Nothing on it, including the half-woven cotton threads, had been touched since the moment the woman died.

A rare exhibit is the Songhua machine, which was used in ancient times to get pure white cotton by shaking off the black cotton seeds.

One of the highlights is a giant stone carved with patterns of horses and auspicious clouds. Weighing about 350 kilograms, it was an Yuan Dynasty iron that could smooth as much as 10 layers of cloth at one time. One person, holding on to a balance beam, stood on the stone and worked it back and forth to smooth the material.

A wide variety of old-fashioned Chinese clothes are displayed, such as a traditional woman’s qipao dress and a changshan, a long men’s jacket.
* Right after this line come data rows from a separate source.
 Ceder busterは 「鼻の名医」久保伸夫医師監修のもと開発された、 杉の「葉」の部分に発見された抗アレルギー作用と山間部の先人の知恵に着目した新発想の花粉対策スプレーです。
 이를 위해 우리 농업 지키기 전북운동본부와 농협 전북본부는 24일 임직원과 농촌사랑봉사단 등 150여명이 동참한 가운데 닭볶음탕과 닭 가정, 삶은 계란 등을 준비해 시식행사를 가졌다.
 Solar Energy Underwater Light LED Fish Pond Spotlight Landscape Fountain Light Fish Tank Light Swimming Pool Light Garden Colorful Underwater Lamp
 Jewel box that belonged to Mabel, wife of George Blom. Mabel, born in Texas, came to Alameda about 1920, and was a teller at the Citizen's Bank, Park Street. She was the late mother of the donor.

The designs were quite large and loose, unlike today’s more body-fitting styles.

Influenced by the Industrial Revolution from the mid-1700s to the early 1800s toward the end of the Qing Dynasty (1644-1911), the Shanghai Machinery Weaving Bureau was set up in 1890 by Li Hongzhang (1823-1901), a high-ranking official, pioneering a new era for China’s modern textile industry.
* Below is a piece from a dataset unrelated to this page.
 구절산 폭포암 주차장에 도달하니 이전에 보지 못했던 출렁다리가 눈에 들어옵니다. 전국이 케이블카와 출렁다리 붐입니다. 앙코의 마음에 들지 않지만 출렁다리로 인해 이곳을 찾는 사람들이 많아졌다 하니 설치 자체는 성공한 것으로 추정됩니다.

A set of hardwood table and chairs on display, valued at a staggering 300 million yuan (US$43.6 million), is said to have seated Li and national leaders such as late Chairman Mao Zedong and former Premier Zhou Enlai.
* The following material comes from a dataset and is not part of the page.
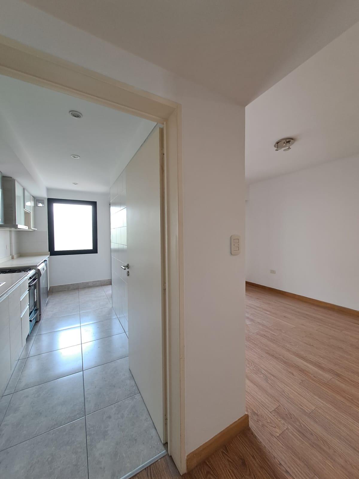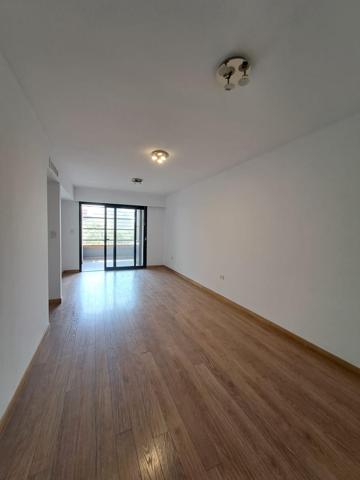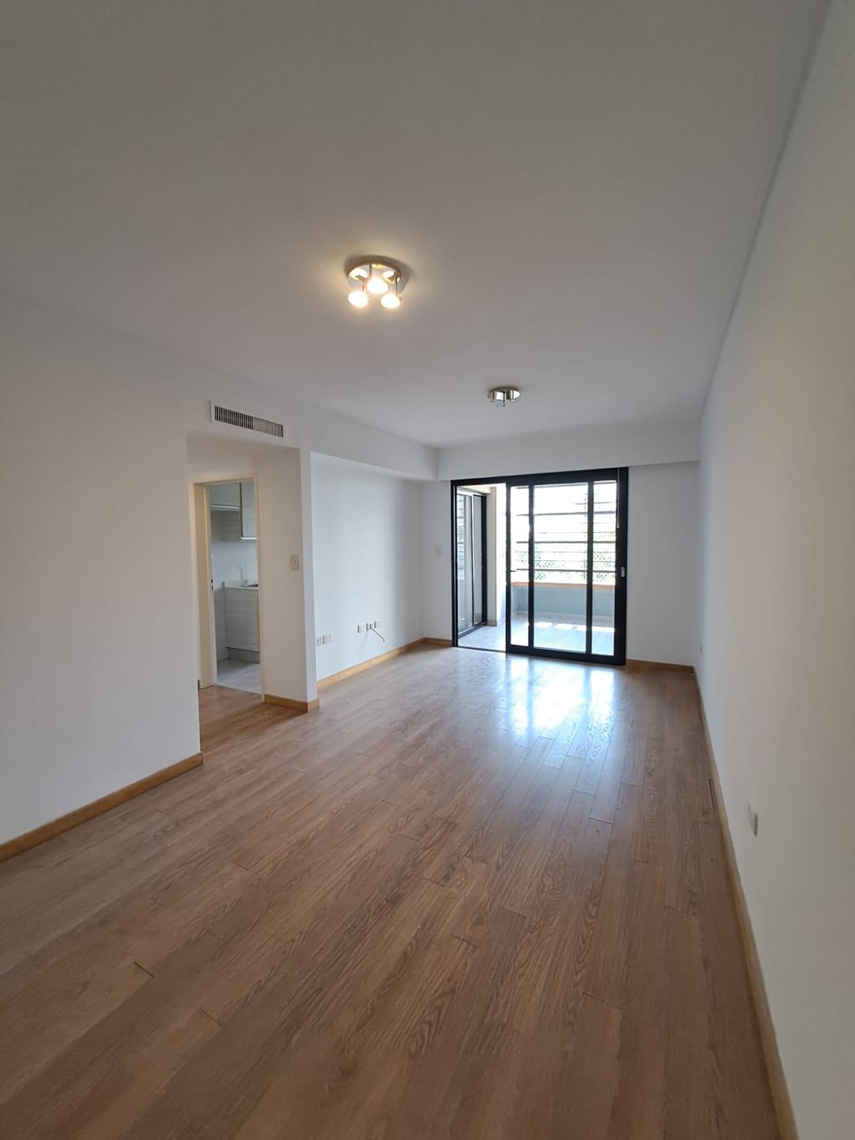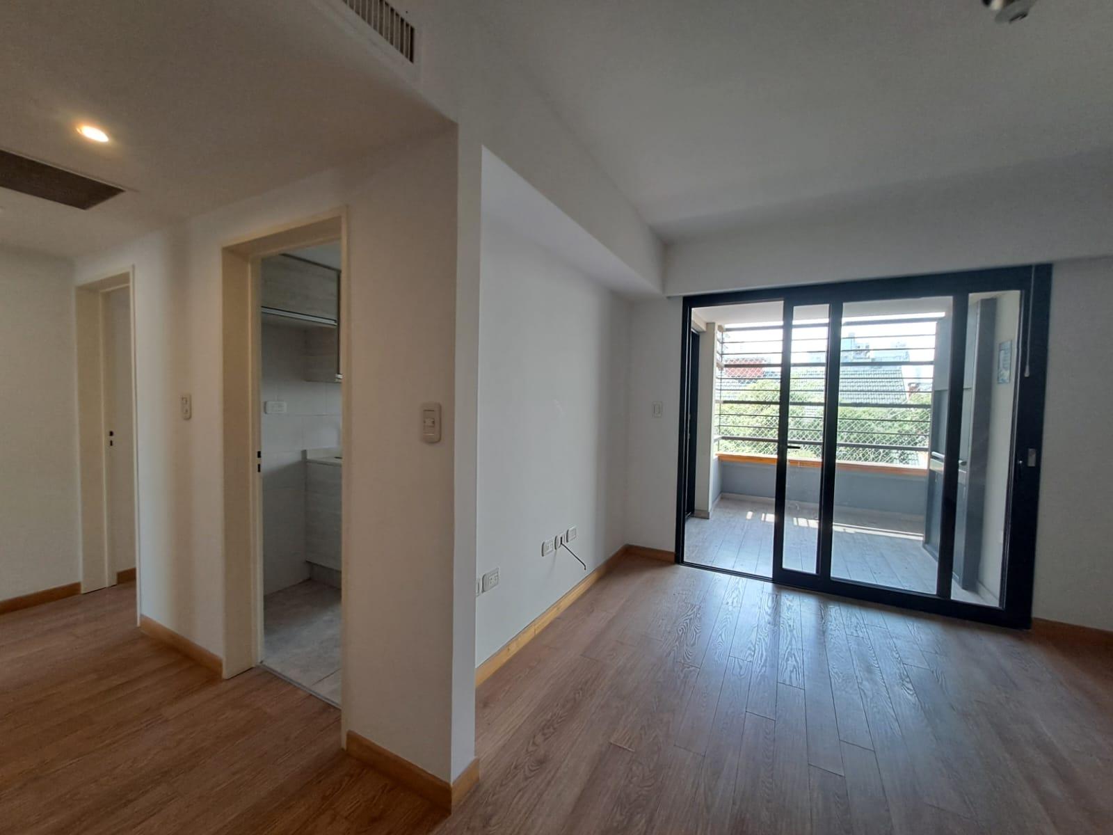 Living comedor con salida al balcón con parrilla. Ingresando a la unidad nos encontramos con un cómodo living comedor con salida a un balcón corrido.

A large number of cotton factories were set up along Suzhou Creek and on the Bund around the 1900s, which gave a great boost to the industry’s development.

The mills were located next to the creek because the cotton and other goods and materials were highly combustible.

Shanghai soon became China’s capital of fashion, too, with people dressed in chic clothes, such as Western suits, long dresses and qipao.

The museum brings to life a typical scene on the prosperous Nanjing Road of 1948, which was then home to 48 fashion stores, including major brands such as Hongxiang, Xinshijie and Xianshi.

The still-operating Hongxiang Fashion Store served a long and star-studded list of customers, including actress Hu Die (1908-89), Queen Eizabeth II and the three Soong sisters — major political figures of the early 20th century.

A variety of old trademarks are also on display, all donated by the far-sighted businessman Qiang Shilin, who registered more than 530 trademarks during the Republic of China period (1912-49) and made a large fortune selling them. After 1949, he donated all the trademarks to the country.

During the 1950s, privately owned enterprises were restructured as state-owned factories and Shanghai’s textile industry was significantly upgraded, becoming the backbone of the city’s economy.

Products included towels, sports wear and travel bags. The “Shanghai” label meant fashion and quality and garments with the label were the hottest on the market.

At the height of the industry in 1992, Shanghai had a total of 471 textile factories and 550,000 textile workers, which meant one out of every four adults was employed in the textile industry.

But the decline was rapid and severe. By the mid-1990s, the large workforce, aging machines and the changing urban landscape pushed the industry into crisis.

Factories closed and about 500,000 workers were laid off — most in their 40s and their family’s major breadwinner.

A bronze statue captures the heartbreak, freezing a sad moment in time: a worker silently on his knees, tears in his eyes, looking at the weaving machine he had just smashed.

The pain continued through the late 1990s as the factories were relocated out of Shanghai and tens of thousands of jobless textile workers struggled to make a living for themselves and their families.

Two photo walls bear witness to the hard times and stand as a mark of respect for the workers whose livelihoods were sacrificed for the city’s growth and development.

The laid-off workers eventually became shop assistants, waitresses, bus drivers, cleaners and self-employed business people. They survived, undefeatable.

Today, Shanghai’s textile industry focuses on high-technology and new materials development, becoming a major supplier in almost every industry.

Its products and components can be seen everywhere — from high-speed trains to the space suits worn by China’s astronauts, the roof of the Water Cube in Beijing, the domestic aircraft manufacturing industry and the artificial kidney.

If you go

Address: 150 Aomen Road

Admission: Free

Open hours: 9:30am-4pm. Closed on Mondays.